A reportagem relata que Gulljan – o nome da senhora dos livros – já havia sido ameaçada inúmeras vezes pelo Talibã, primeiro por estar nas ruas trabalhando – na lógica do regime, mulheres não poderiam – e em segundo por não estar vendendo livros islâmicos. Gulljan vende romances estrangeiros e não ficção e o faz para ajudar em casa e possibilitar a circulação de conhecimento.
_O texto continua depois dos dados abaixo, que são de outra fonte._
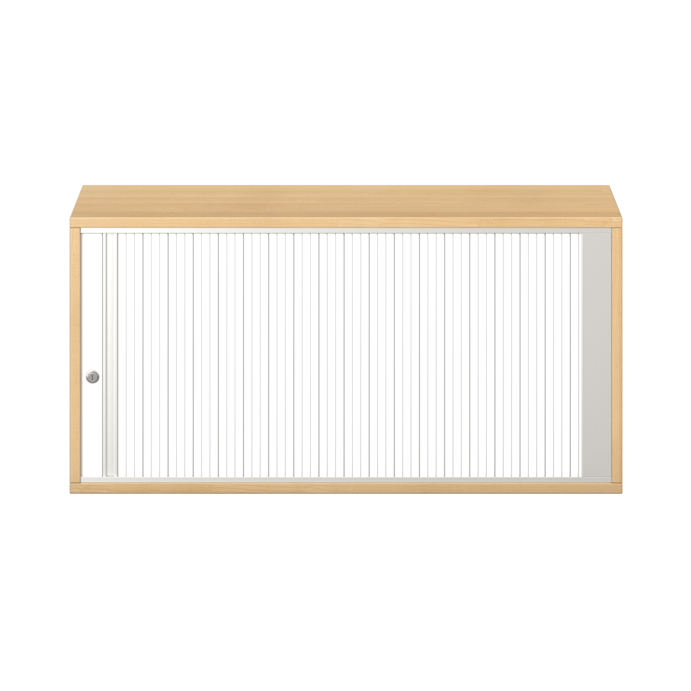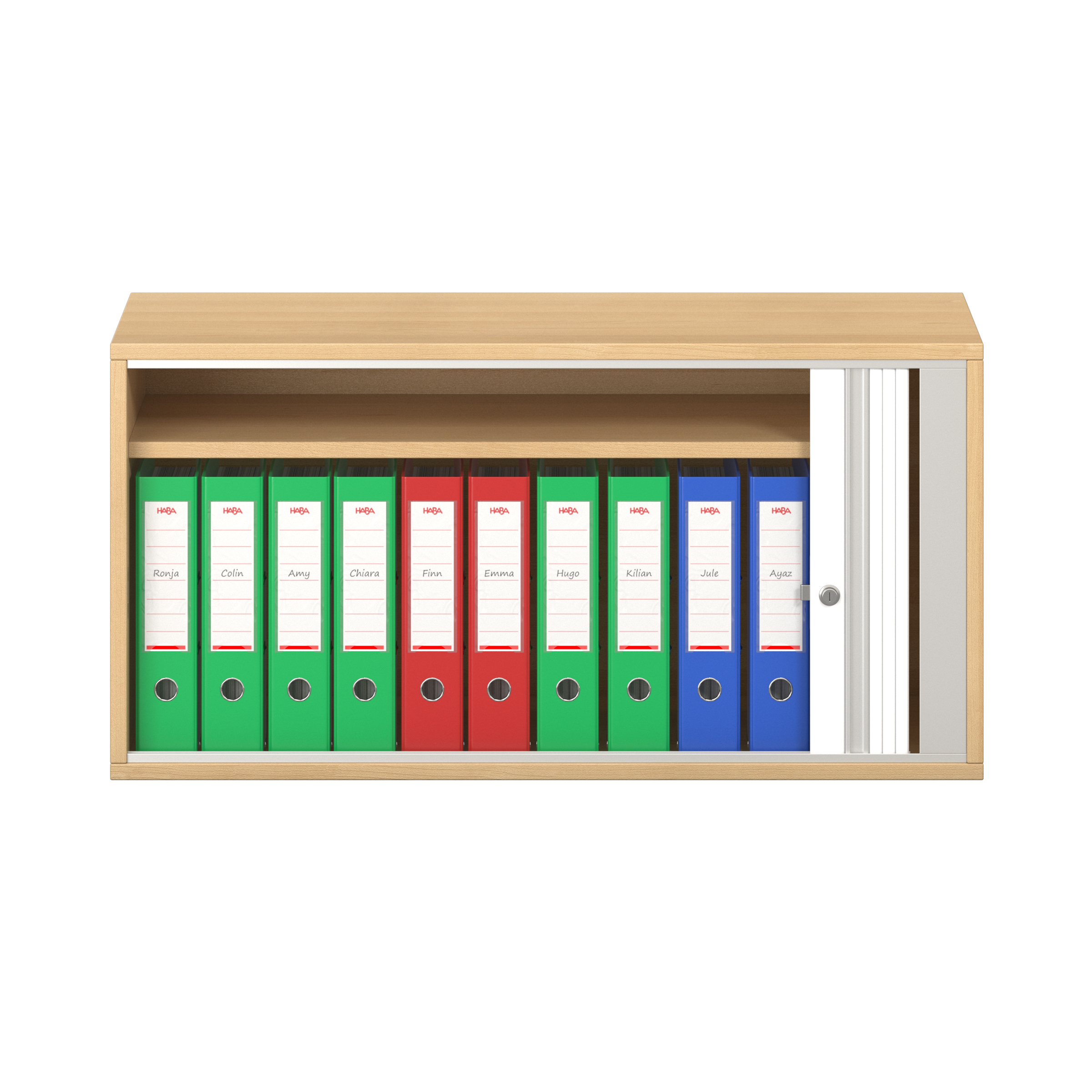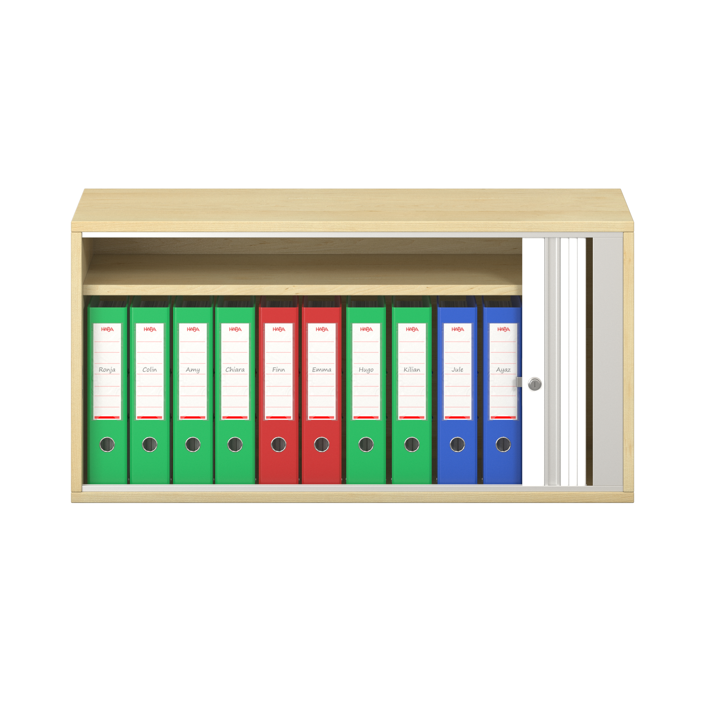 1 legplank. Afsluitbare horizontale rolluik met grepenlijst. Voor 10 ordnermappen met een maximale breedte van 8 cm.
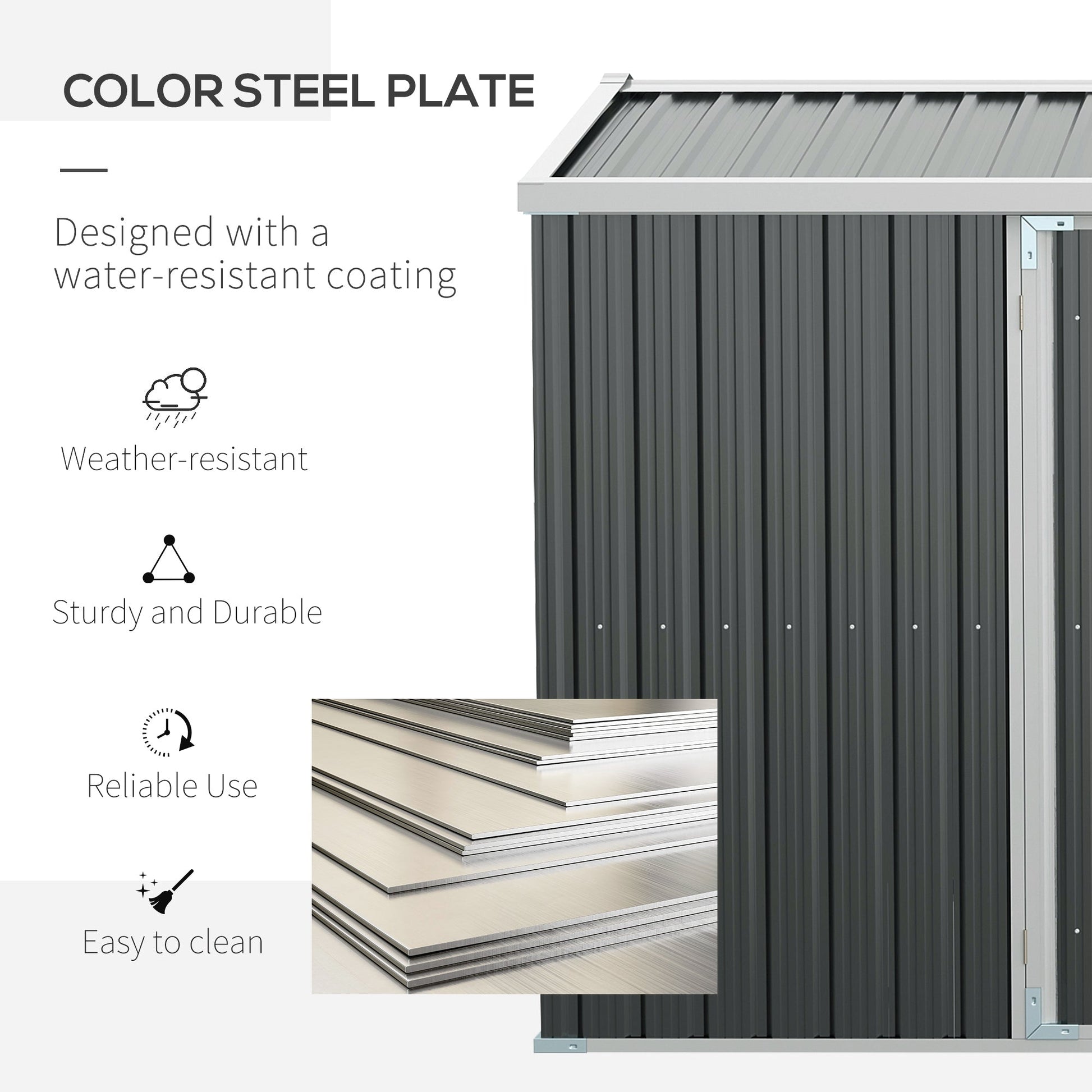 Easily add storage space and value to your property with an outdoor garden shed from Outsunny. The steel tool storage shed has distinct advantages over traditional wooden models that make it a much more attractive choice for purchase. Large space for keeping tools, equipment, bikes and bins. Besides, the durable and weather-resistant galvanized steel ensure reliable daily use. Sloped roof is easy for rain draining. This backyard storage shed can be your perfect choice for patio and lawn.

Há uma necessidade clara para Gulljan, mas que para muitos de nós aparece em penumbra: precisamos ler mais e com mais qualidade. Se de um lado o analfabetismo é um grave problema que se espalha pelo mundo em pleno século das máquinas inteligentes, de outro lado, o analfabetismo funcional é uma realidade absurda de países como o Brasil. A pergunta sobre quantos livros se leu em um ano é, de um lado reducionista, de outro lado péssima uma vez que a maioria das pessoas não entende um só livro que lê e o problema do entendimento se estende à política, porque os cidadãos que não leem, ou que leem e não entendem, votam.
Enquanto muitos escritores consagrados prosseguem se esforçando em realizar oficinas de escrita para revelar novos escritores que estejam sob a sua batuta de influência – porque isso dá dinheiro –, o problema da leitura no país continua o mesmo: pouco se lê, quase nada se entende. Não deveríamos nos esforçar em conjunto por oficinas de leituras para a formação de bons leitores, sobretudo em parcerias com profissionais de educação básica?
Estamos entrando em um novo ciclo e a pandemia de Covid-19, que prossegue, nos dá uma perspectiva mais urgente de nossas necessidades. Ao mesmo tempo, 2022 é um ano eleitoral, momento em que os lobos se vestem de lã e tornam-se mui afáveis. A leitura, a perspectiva cultural, o olhar arguto é uma necessidade de primeira ordem no Brasil. Não estamos em guerra civil ou dominados por um regime ultraconservador terrorista que minou as instituições – embora estejamos presenciando a tentativa de implantação de um regime similar. Para além de todos esses assombros, vivemos o momento em que multibilionários e suas big techs desejam prender nossa atenção em telas coloridas de conteúdos às vezes dementes.
Gulljan e sua necessidade de vender livros, arriscando sua vida para tanto. Essa poderia ser uma cena distante, mas os problemas que ela denuncia nos são, infelizmente, muito próximos. 2022, e seu recomeço, não seria a hora de mudarmos isso?